The board additionally notes that the process of sorting all this out took years and millions of dollars of legal fees.

Travel gTLD registry dumps three strings — NOT dot-brands

Kevin Murphy, April 20, 2023, Domain Registries

Future new gTLD application rounds will likely have three extra travel-related strings up for grabs, after the barely-precedented decision by a registry operator to dump three generic, non-branded strings.

Travel Reservations Srl, the registry owned by Despegar, one of South America’s largest online travel booking services, has told ICANN to tear up its contracts for .hoteles, .vuelos and .passagens.

These are the Spanish translations of “hotels” and “flights” and the Portuguese for “tickets” respectively. Despegar had also applied for the Portuguese .hoteis, but withdrew its bid before delegation.

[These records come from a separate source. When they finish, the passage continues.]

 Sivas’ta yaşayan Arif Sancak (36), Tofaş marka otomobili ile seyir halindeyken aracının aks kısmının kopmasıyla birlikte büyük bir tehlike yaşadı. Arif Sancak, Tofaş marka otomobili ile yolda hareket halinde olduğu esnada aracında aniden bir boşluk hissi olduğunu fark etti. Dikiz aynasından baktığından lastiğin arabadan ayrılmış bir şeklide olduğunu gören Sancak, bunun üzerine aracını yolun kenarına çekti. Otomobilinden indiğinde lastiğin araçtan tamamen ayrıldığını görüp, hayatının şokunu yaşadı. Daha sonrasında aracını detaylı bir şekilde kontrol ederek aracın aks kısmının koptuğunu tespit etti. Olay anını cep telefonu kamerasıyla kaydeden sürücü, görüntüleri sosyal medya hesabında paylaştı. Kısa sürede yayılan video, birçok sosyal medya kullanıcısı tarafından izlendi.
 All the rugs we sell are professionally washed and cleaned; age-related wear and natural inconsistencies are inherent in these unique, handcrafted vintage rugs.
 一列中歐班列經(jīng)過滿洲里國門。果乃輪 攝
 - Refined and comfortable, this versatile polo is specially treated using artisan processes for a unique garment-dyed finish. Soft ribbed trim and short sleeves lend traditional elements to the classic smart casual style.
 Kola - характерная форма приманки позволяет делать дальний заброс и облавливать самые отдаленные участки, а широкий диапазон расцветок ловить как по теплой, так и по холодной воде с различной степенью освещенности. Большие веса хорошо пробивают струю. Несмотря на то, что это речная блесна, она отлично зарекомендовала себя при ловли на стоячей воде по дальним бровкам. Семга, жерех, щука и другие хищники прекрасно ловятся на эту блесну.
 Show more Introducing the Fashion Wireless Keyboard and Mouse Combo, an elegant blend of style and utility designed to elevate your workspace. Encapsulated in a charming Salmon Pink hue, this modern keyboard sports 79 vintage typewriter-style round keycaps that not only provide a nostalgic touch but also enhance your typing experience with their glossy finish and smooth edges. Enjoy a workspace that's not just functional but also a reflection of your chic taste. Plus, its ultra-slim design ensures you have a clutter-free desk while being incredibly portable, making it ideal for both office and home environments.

None of the gTLDs ever launched and none had any registered domains. As such ICANN is not looking for a successor registry to protect registrants. The strings will be available to other applicants in future rounds.

Despegar never made any secret about the fact that it didn’t quite know what it wanted to do with its gTLDs when it applied in 2012, its applications noting that it would take a wait-and-see approach before making the domains available.

It waited, it saw, and a decade later it’s apparently decided it doesn’t want to operate these TLDs after all.

The fact that its termination notices were sent in January this year but dated November 6, 2020, may be indicative.

New gTLDs — implementation talks to start next month

Kevin Murphy, April 5, 2023, Domain Policy

ICANN expects to kick off its implementation efforts for the next rounds of new gTLDs next month.

The Org is putting together its Implementation Review Team, a group of community members that will help shepherd staff into turning policy into reality.

Each supporting organization, advisory committee and constituency will get to nominate a representative (and an alt) and ICANN will put out an open call for volunteers for the team.

Members of the working group that came up with the policy recommendations in the first place are expected to be likely candidates.

The IRT’s main objective is to make sure that ICANN sticks to the letter and spirit of the recommendations, many of which were adopted by its board of directors last month, and prevent members re-litigating settled disputes.

ICANN expects to hold its first IRT meeting the week of May 14 or sooner.

ICANN spent millions of dollars and most of 2022 carrying out an Operational Design Assessment of new gTLDs policy recommendations, which was intended in part to relieve the IRT of some heavy lifting and speed it up.

.food registry to dump four dot-brand gTLDs

Kevin Murphy, March 29, 2023, Domain Registries

A company controlled by Warner Bros Discovery is dumping four of its dot-brand gTLDs, but keeping hold of .food, which it has been sitting on, unused for the better part of eight years.

Lifestyle Domain Holdings has asked ICANN to terminate its registry contracts for .foodnetwork, .travelchannel, .hgtv and .cookingnetwork, which are four of its US cable TV channels.

Unusually, the termination notice contains a bit of color explaining its decision:

Despite efforts over the years to develop a marketing strategy for deployment of these assets, the company has determined there is not a current use for them and therefore requests early termination of the ICANN Registry Agreements and to wind down these assets

The gTLDs have never been used, something that can also be said for the remainder of Lifestyle’s original portfolio of 11 gTLDs.

The registry was originally owned by Scripps Networks, but following a series of M&A since last year it’s been majority owned by media giant Warner Bros Discovery.

It also has current contracts for .food, .diy, .cityeats, .living, .frontdoor, .lifestyle, and the mysterious .vana (presumably a brand that Scripps was planning to launch in 2012 that never materialized).

The registry’s back-end was Verisign and its new gTLD consultant was Jennifer Wolfe.